O Evvai não é um restaurante ruim. Longe disso. A execução é, do ponto de vista formal, corretíssima. Os ingredientes são de boa precedência. O serviço é atencioso. A harmonização está mais madura em termos de “pairing”, embora tropece na escolha de certos vinhos isolados (afinal, vinhos ruins podem ir bem com alguns pratos). Mas elaboração técnica não é tudo: ao Evvai, falta paladar, senso de equilíbrio, elegância e, sobretudo, autenticidade de sabor.
François Simon, o crítico francês, falava da “cozinha de obediência” — aquela que segue tão à risca a cartilha do Michelin que acaba perdendo a alma no processo.

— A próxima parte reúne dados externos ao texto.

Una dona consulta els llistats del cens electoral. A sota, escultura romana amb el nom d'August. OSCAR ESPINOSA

O Evvai parece ter lido o manual e o executado com maestria, inclusive a parte que diz “tente ser divertido”.
Existe uma linha tênue entre o virtuosismo e a pretensão, entre a arte e o artifício. No Evvai, essa linha é cruzada e recruzada a cada um dos quinze tempos do menu degustação, em uma coreografia de espumas, esferas e micro-vegetais. Quando apresenta cartões de humor, o Evvai parece criar um efeito de informalidade típico de quem não se leva a sério. Na forma e no preço, porém, o Evvai se leva muito a sério. Cobrar R$ 3300 (com menu, harmonização mais barata e serviço) já demonstra que ele não estão (ou não deveriam estar) de brincadeira. Tudo é formalmente bem acabado, tudo é caro, e tudo é, em última instância, um pouco… sem graça.
Todas as visitas do crítico são pagas pelo GLOBO e feitas sem qualquer aviso prévio.

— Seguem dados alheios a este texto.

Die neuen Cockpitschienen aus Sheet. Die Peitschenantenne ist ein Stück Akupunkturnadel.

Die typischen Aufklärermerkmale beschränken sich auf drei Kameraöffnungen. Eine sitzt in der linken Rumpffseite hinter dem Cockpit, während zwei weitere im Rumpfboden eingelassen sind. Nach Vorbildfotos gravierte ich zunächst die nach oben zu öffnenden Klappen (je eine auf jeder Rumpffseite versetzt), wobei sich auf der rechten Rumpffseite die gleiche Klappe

📍 Endereço: Rua Joaquim Antunes, 108 – Pinheiros – São Paulo
🍴 Tipo de cozinha: autoral de inspiração italiana com ingredientes brasileiros
🖋️Especialidade: menu degustação de 15 tempos com foco em técnica e apresentação
🪑Ambiente: moderno, contrastando um azul gritante com a solenidade da luz amarela. Cozinha aberta que reforçam a atmosfera de modernidade
👥Público: colecionadores de estrelas Michelin, entusiastas da técnica formal e quem busca o “espetáculo” gastronômico paulistano
🏆 Destaques:
– A precisão técnica da brigada e o serviço de sala impecável
– O Cappuccino de bacalhau com tucupi preto (um raro momento de tensão ácida)
– A qualidade indiscutível das matérias-primas
⚠️ Pontos de atenção:
– O excesso de doçura em pratos que pediam acidez ou salinidade
– Falhas básicas de execução em cortes nobres (picanha fibrosa e sem Maillard)
– Tentativas de humor infantil (cartões de Mario/Smurfs) que destoam do ambiente e do preço
– A sensação de “cozinha de obediência”, tecnicamente perfeita mas sem alma
📝 Avaliação: ⭐⭐½
Duas estrelas e meia de cinco indicam um restaurante que, apesar do virtuosismo técnico, entrega uma experiência sensorial inconsistente. A nota reflete a desproporção entre o preço cobrado e a profundidade do sabor, onde a encenação e o humor involuntário muitas vezes se sobrepõem à alma da comida. É um restaurante que cumpre a cartilha formal, mas falha em emocionar ou justificar o investimento.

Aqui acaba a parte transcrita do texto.